# Questions on which to do first,gazebo footing or pavers?



## redman88 (Oct 5, 2012)

I would do the concrete foundation for the gazebo first


----------



## Canarywood1 (May 5, 2012)

1) Should I have the gazebo post planted in the concrete or would concrete anchors be adequate. I like to ability to remove the gazebo if there was ever a need with anchors, but it's not a must.


Wood should never be encased in concrete.


----------



## Vince82 (Apr 13, 2013)

Canarywood1 said:


> 1) Should I have the gazebo post planted in the concrete or would concrete anchors be adequate. I like to ability to remove the gazebo if there was ever a need with anchors, but it's not a must.
> 
> 
> Wood should never be encased in concrete.

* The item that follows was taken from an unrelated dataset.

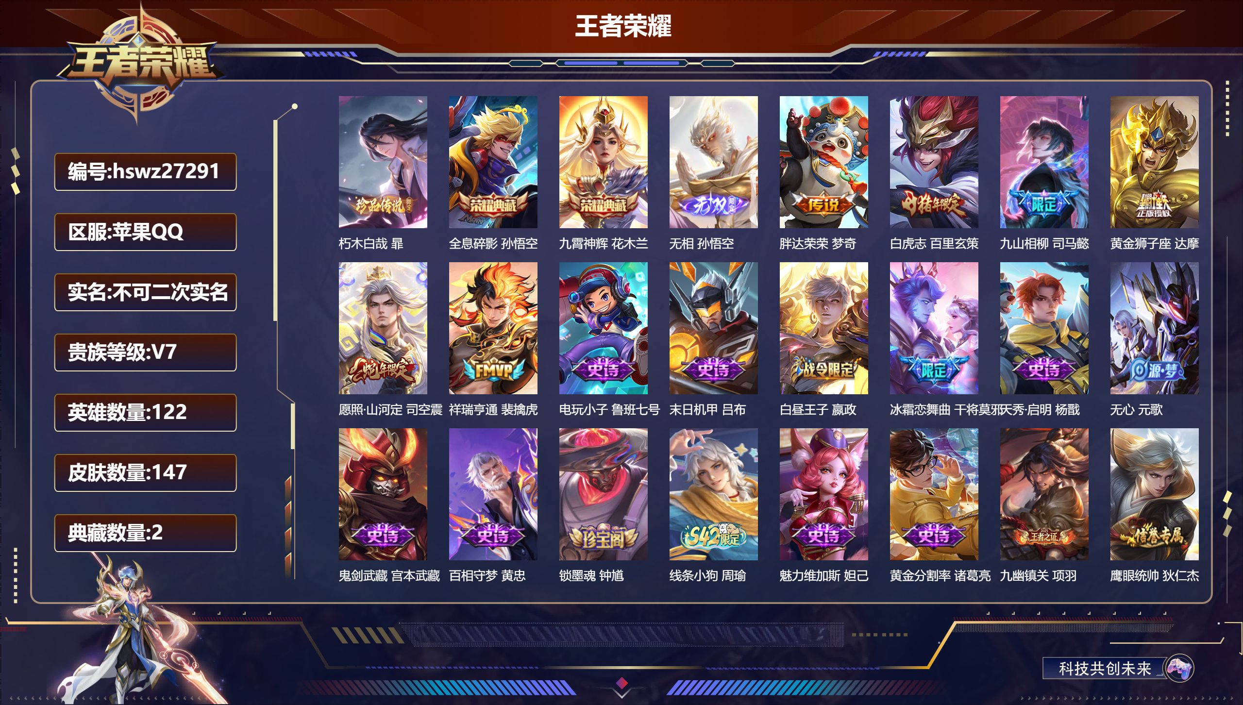 PX_2551710-Q/永恒钻石/147皮肤/122英雄/2典藏/0珍品无双/1无双/1珍品传说/6传说/46史诗/8稀有英雄 【1,珍品传说】朽木白哉,暃, 【2,典藏皮肤】全息碎影,孙悟空,九霄神辉,花木兰, 【1,无双皮肤】无相,孙悟空, 【6,传说皮肤】胖达荣荣,梦奇,白虎志,百里玄策,九山相柳,司马懿,黄金狮子座,达摩,愿照·山河定,司空震,祥瑞亨通,裴擒虎, 【46,史诗皮肤】电玩小子,鲁班七号,末日机甲,吕布,白昼王子,嬴政,冰霜恋舞曲,干将莫邪,天秀·启明,杨戬,无心,元歌,鬼剑武藏,宫本武藏,百相守梦,黄忠,锁墨魂,钟馗,线条小狗,周瑜,魅力维加斯,妲己,黄金分割率,诸葛亮,九幽镇关,项羽,鹰眼统帅,狄仁杰,大圣娶亲,孙悟空,光弋星穹,莱西奥,金属风暴,墨子,特工魅影,百里守约,原初追逐者,百里玄策,逐浪之夏,李元芳,藏狐·褐绒,老夫子,朱雀志,百里守约,石田雨龙,后羿,鸭鸭历险记,刘禅,魔术师,狄仁杰,龙之律动,狂铁,皇家上将,赵云,冰冠公主,雅典娜,辉光之辰,后羿,天才门将,刘禅,圣诞恋歌,貂蝉,一生所爱,露娜,器灵·浮梦炉,赵怀真,雪上飞焰,哪吒,千年之狐,李白,青龙志,铠,心灵骇客,安琪拉,玄武志,苏烈,乱世虎臣,张飞,百相守梦,周瑜,龙胆,赵云,绅士熊喵,刘禅,线条小狗,小乔,水果甜心,孙尚香,江河有灵,阿古朵,幽灵船长,曹操, 【69,勇者皮肤】爱心护理,阿轲,拳王,达摩,龙舞盛年,沈梦溪,丁香结,小乔,功夫炙烤,廉颇,醍醐杖,老夫子,汉昭烈帝,刘备,黄金武士,典韦,御旌,牛魔,阴阳师,狄仁杰,径山谋武,孙权,牛运亨通,牛魔,海滩派对,项羽,万华元夜,狄仁杰,克喵,鬼谷子,踏浪烽翎,莱西奥,演武夺筹,程咬金,奇妙博物学,庄周,猎兽之王,吕布,原初探秘者,鬼谷子,潮玩探月行,猪八戒,疑决卦,明世隐,阿尔法小队,后羿,五福同心,张飞,死亡骑士,亚瑟,幽兰居士,张良,掌控之力,诸葛亮,落日弦歌,高渐离,忍·炎影,赵云,雪境奇遇,西施,苍云破阵,蒙恬,糖果风暴,安琪拉,逐霄之志,曹操,溯影追猎,虞姬,极光幻客,蚩奼,兔女郎,花木兰,龙腾万里,关羽,未来纪元,宫本武藏,罗小黑战记,哪吒,往忆晖光,明世隐,荣光之誓,亚瑟,花好人间,甄姬,万象初新,宫本武藏,御銮,盾山,时尚教父,姜子牙,街头霸王,韩信,重装意志,盘古,少女阿狸,妲己,混沌棋,弈星,御霄,米莱狄,春野闲踪,苏烈,布丁狗之约,阿古朵,命运加冕,露娜,小满鸭,姬小满,幻想奇妙夜,王昭君,灵野札记,张良,鸭鸭历险记,沈梦溪,命运角斗场,狂铁,死霸装,白起,虚灵犬护,钟馗,星梦巡礼,姜子牙,鹤鸣心笺,艾琳,锦麟游梦,庄周,逆浪荇歌,甄姬,百相守梦,孙策,海之女神,海月,线条小狗,周瑜,玫蓝誓约,戈娅,景韶洛都,明世隐, 【24,其他皮肤】金属狂潮,高渐离,生化警戒,钟无艳,死神来了,曹操,灼热之刃,李信,木偶奇遇记,鲁班七号,福禄兄弟,鲁班七号,冰刃幻境,镜,碧珀绯影,暃,星航指挥官,诸葛亮,启蛰,司空震,花间舞,公孙离,街头旋风,裴擒虎,维京掠夺者,苍,激情绿茵,马可波罗,归虚梦演,曜,威尼斯狂欢,百里玄策,幸存者,马超,战争女神,雅典娜,创世神祝,盘古,加勒比小姐,虞姬,踏雪寻梅,弈星,秩序猎龙将,蒙恬,地府判官,钟馗,朽木白哉,暃, 【8,稀有英雄】嬴政,不知火舞,橘右京,夏洛特,娜可露露,韩信,艾琳,赵云, 营地ID:,

I've been reading on this site and it seems like this was debated over many times. While embedded post offer more strength, I know they will rot over time. Are these anchors that strong?


----------



## jsbuilders (Apr 13, 2013)

Canarywood1 said:


> 1) Should I have the gazebo post planted in the concrete or would concrete anchors be adequate. I like to ability to remove the gazebo if there was ever a need with anchors, but it's not a must.
> 
> Wood should never be encased in concrete.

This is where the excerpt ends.